30m15m reading15m lab
Cluster Health
The first thing to check — always.
curl -s "http://localhost:9200/_cluster/health?pretty"
{
"cluster_name": "production-cluster",
"status": "green",
"number_of_nodes": 3,
"number_of_data_nodes": 3,
"active_primary_shards": 15,
"active_shards": 30,
"relocating_shards": 0,
"initializing_shards": 0,
"unassigned_shards": 0,
"delayed_unassigned_shards": 0,
"number_of_pending_tasks": 0
}
Cluster Status Meanings
| Status | Meaning | Action |
|---|---|---|
| Green | All primary and replica shards assigned | None |
| Yellow | All primaries assigned, some replicas unassigned | Check node count vs replica count |
| Red | Some primary shards unassigned | Immediate investigation needed |
Wait for Status
Block until the cluster reaches a specific status (useful in scripts):
curl -s "http://localhost:9200/_cluster/health?wait_for_status=green&timeout=30s"
Cat APIs
The_cat APIs provide human-readable output for quick monitoring.
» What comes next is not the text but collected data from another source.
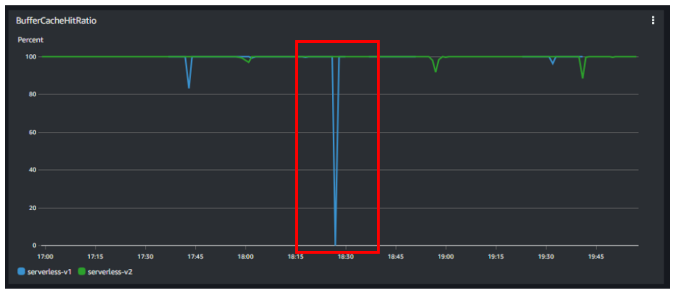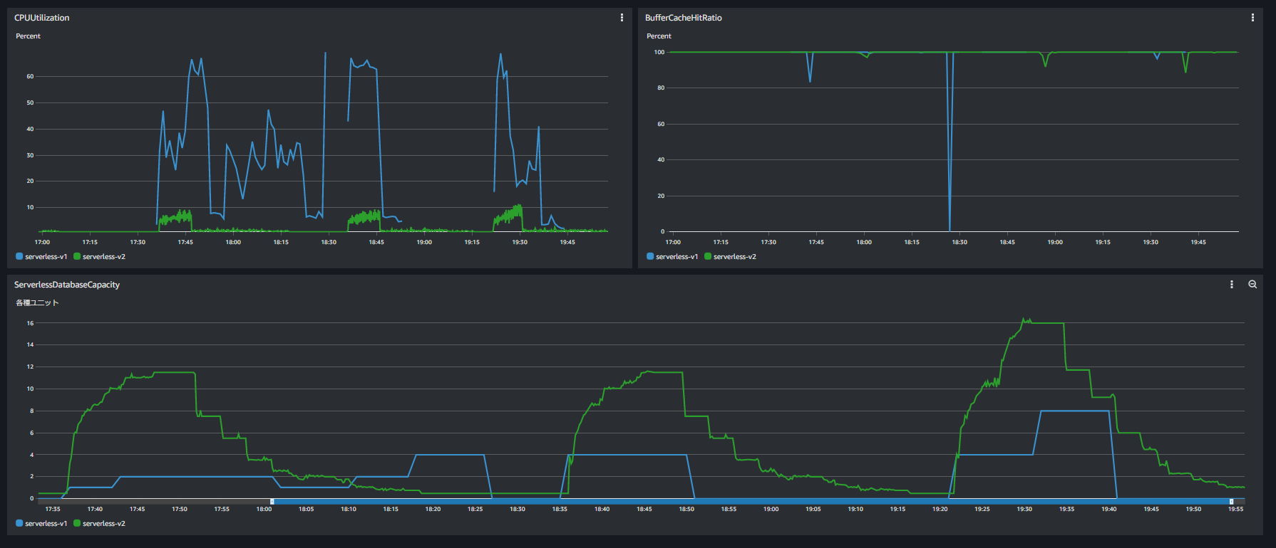※折れ線の青が「Serverless V1」、緑が「Serverless V2」となります。
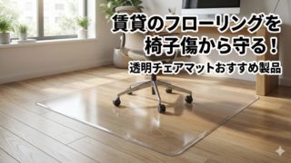 賃貸フローリングを椅子傷から守る透明チェアマットを紹介。キャスター傷は借主負担で修繕費5,000〜60,000円かかることも。ポリカーボネート製(5,000〜8,000円、10年耐久)とPVC製(3,000〜5,000円)を比較解説。厚み1.5mm以上、滑り止め加工付きを選ぶのがポイント。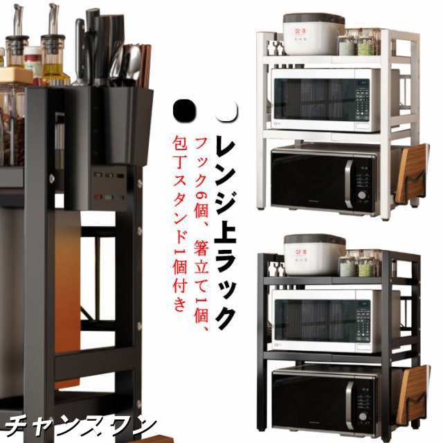 ラック 伸縮 レンジラック キッチンラック レンジ上 レンジ棚 3段 キッチン収納 おしゃれ シンプル 北欧 スリム トースター ラック 電子レンジ台 キッチンカウンター上収納 キッチン用品 台所収納 伸縮キッチンラック 2段タイプ ホワイト ブラック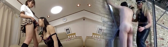 Cute slim Japanese lesbian girl dominated by huge-titted milf slut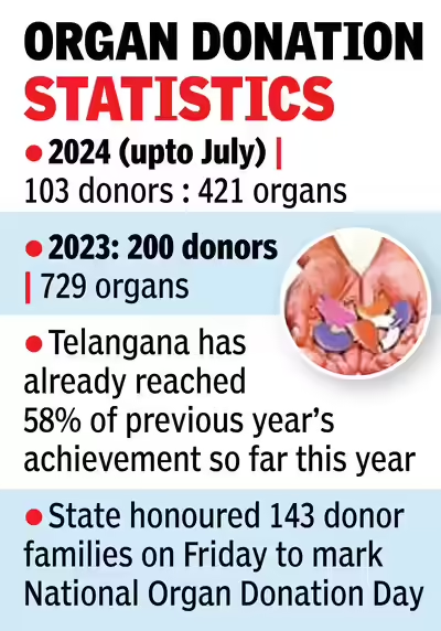 • In 2024, Telangana collected organs from 188 brain-dead donors and successfully performed 725 organ transplant surgeries.

Add ?v for column headers.
Essential Cat Commands
# Cluster health (compact)
curl -s "http://localhost:9200/_cat/health?v"
# List all nodes with key stats
curl -s "http://localhost:9200/_cat/nodes?v&h=name,ip,heap.percent,ram.percent,cpu,load_1m,node.role,master"
# List all indices sorted by size
curl -s "http://localhost:9200/_cat/indices?v&s=store.size:desc"
# List all indices sorted by document count
curl -s "http://localhost:9200/_cat/indices?v&s=docs.count:desc"
# Shard distribution
curl -s "http://localhost:9200/_cat/shards?v&s=index"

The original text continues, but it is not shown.